What allegedly happened next represents a serious escalation in the criminal conduct. Prosecutors claim the conspirators fabricated clinical trial data to artificially inflate the stock price: “They then falsified the OP-1250 data that the co-conspirators had illegally accessed and publicly disseminated it in a manner that made it appear authentic and as though it originated from Olema. The release of the false data—which inflated the drug’s perceived efficacy—temporarily caused Olema’s stock price to rise, during which Saad Shoukat, Arham Shoukat, and others profited and avoided losses by selling large volumes of Olema shares.”
The defendants are also accused of similar manipulation involving Opiant, another publicly traded company developing opioid overdose treatments.
Potential Consequences
The charges against the six defendants are severe, encompassing stock manipulation, conspiracy to commit securities fraud, insider trading, and related offenses. If convicted on all counts, each defendant faces maximum prison sentences ranging from 20 to 25 years per count, underscoring the gravity with which federal authorities view these alleged crimes.
A Pattern of Nigerian Involvement
The Justice Department statement notes that Okonkwo’s case is not an isolated incident. Nigerian nationals have been involved in various fraud cases prosecuted in the United States in recent months. Just weeks before this indictment, on December 4, federal authorities ordered the deportation of another Nigerian, Oluwaseun Adekoya, following completion of a 20-year prison sentence for his role in a $2 million fraud scheme.
Adekoya was convicted of conspiracy to commit bank fraud, conspiracy to commit money laundering, and nine counts of aggravated identity theft after a three-week trial, demonstrating the sustained attention US authorities pay to international financial crimes.
Implications for Market Integrity
This case highlights the ongoing challenges facing securities regulators and law enforcement in protecting market integrity in an increasingly interconnected global financial system.
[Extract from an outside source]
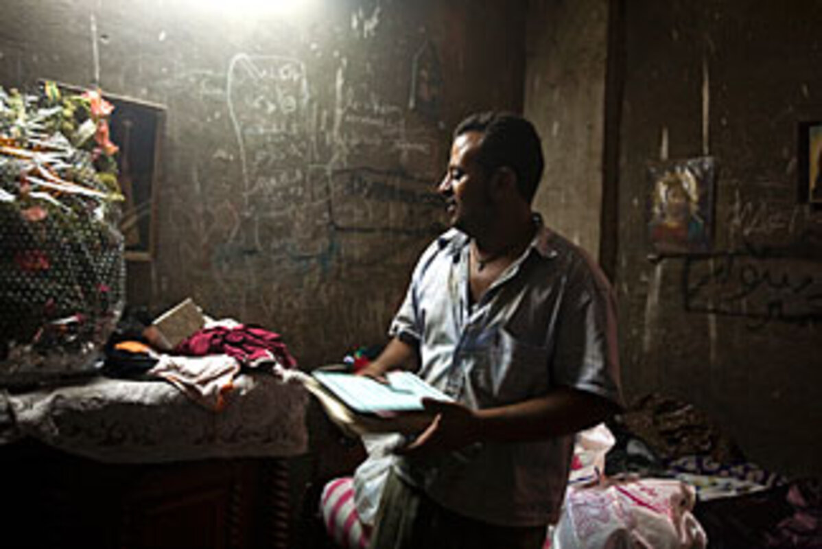 Qadees, who is 26, has worked in garbage since he was 8 years old. Every day he walks the fetid slum streets buying plastic bottles from other zebaleen for 17 cents a kilo and selling them to recycling centers for 19 cents. Before the pigs were killed, he also had a night job unloading a neighbor's garbage truck.

The alleged scheme’s sophistication—involving insider information from investment banks, falsified clinical trial data, and coordination across multiple countries—demonstrates the evolving nature of securities fraud in the digital age.
As the case proceeds through the federal court system, it will likely serve as a reminder of the serious consequences facing those who attempt to manipulate financial markets, regardless of their nationality or location.